Так старый Братск утратил для меня половину своего очарования.
После ужина и чая начинались рассказы о корове: она уже отелилась, и в доме есть для меня молоко. О подросшей из семечка яблоне: летом её решили высадить в огород. Про кур, которые уже несутся, и завтра мне сварят яичко. Про собаку по имени Мальчик. Мальчик спрятал кость, когда тётя Шура наблюдала за ним, а потом перепрятала и снова наблюдала, как он ищет свой клад.
МЕДИЦИНСКИЕ ИГРЫ
Я не стала врачом, хотя к этому, казалось, были все предпосылки. Мамина сестра, наша тётя Шура, работала фельдшером. На одном её примере делались выводы, как значима в обществе роль медицины и фигура медика. В детском саду, а потом и в школе — постоянные медосмотры. Но рыбий жир, который вливала в нас медсестра детсада, был для меня настоящей пыткой. Глядя на убывающую бутыль с рыбьим жиром, я прикидывала, когда закончатся эти пытки. Кто-то из детей посоветовал мне заглянуть в угол кабинета заведующей. И что же? Я увидела новую огромную бутыль этого тошнотворного «напитка»! Вот в этом причина, почему я всё-таки не стала врачом: насилие! А помогать людям мне нравилось всегда.

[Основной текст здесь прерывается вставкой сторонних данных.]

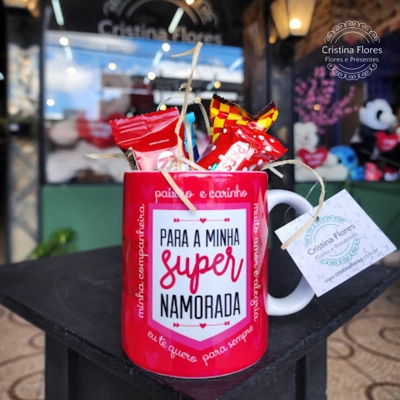 Caneca “Para minha Super Namorada” com 330 ml, acompanhada de 7 bombons variados, embalada em celofane transparente e finalizada com um laço delicado — um presente doce e encantador para surpreender quem ilumina seus dias.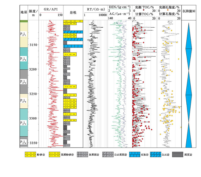 2 主要地质特征 2.1 沉积特征吉木萨尔凹陷芦草沟组形成于残留海封闭后的咸化湖盆沉积环境,为一套岩性较细的浅湖—深湖相沉积[14-18]。受构造、气候、沉积物供给等因素影响,芦草沟组沉积时期湖盆处于深水、浅水不断变换的环境,在吉木萨尔凹陷内形成广泛发育的泥晶白云岩、粉砂岩和混积岩。吉木萨尔凹陷芦草沟组与下伏井井子沟组及上覆梧桐沟组均呈不整合接触关系,湖盆北部地区遭受强烈剥蚀,上部地层剥蚀殆尽。整体上,随着陆源输入的周期变化,吉木萨尔凹陷二叠系芦草沟组具有2.5个三级旋回,进一步根据测井响应特征、有机质丰度与孔隙度,可以划分成6个地层单元(图 2)。
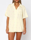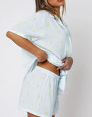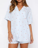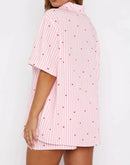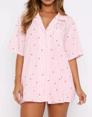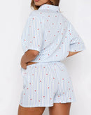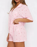 Valentine's Day Printed Collared Neck Short Sleeve Top and Shorts Set

Авторитет врача был особенно велик в провинции, повсюду о них шли разговор — о хороших врачах, разумеется. Мою мамочку они спасли от смерти, хотя она продолжала жаловаться на сердце. Ссыльная латышка, мать красавицы Мильды, показала моей маме таблетки сердечками – эта форма говорит, что они «от сердца». Моя старшая сестра Клара жила тогда у отца в Риге. Мама заказала ей эти таблетки, и они уменьшили частоту её сердечных приступов.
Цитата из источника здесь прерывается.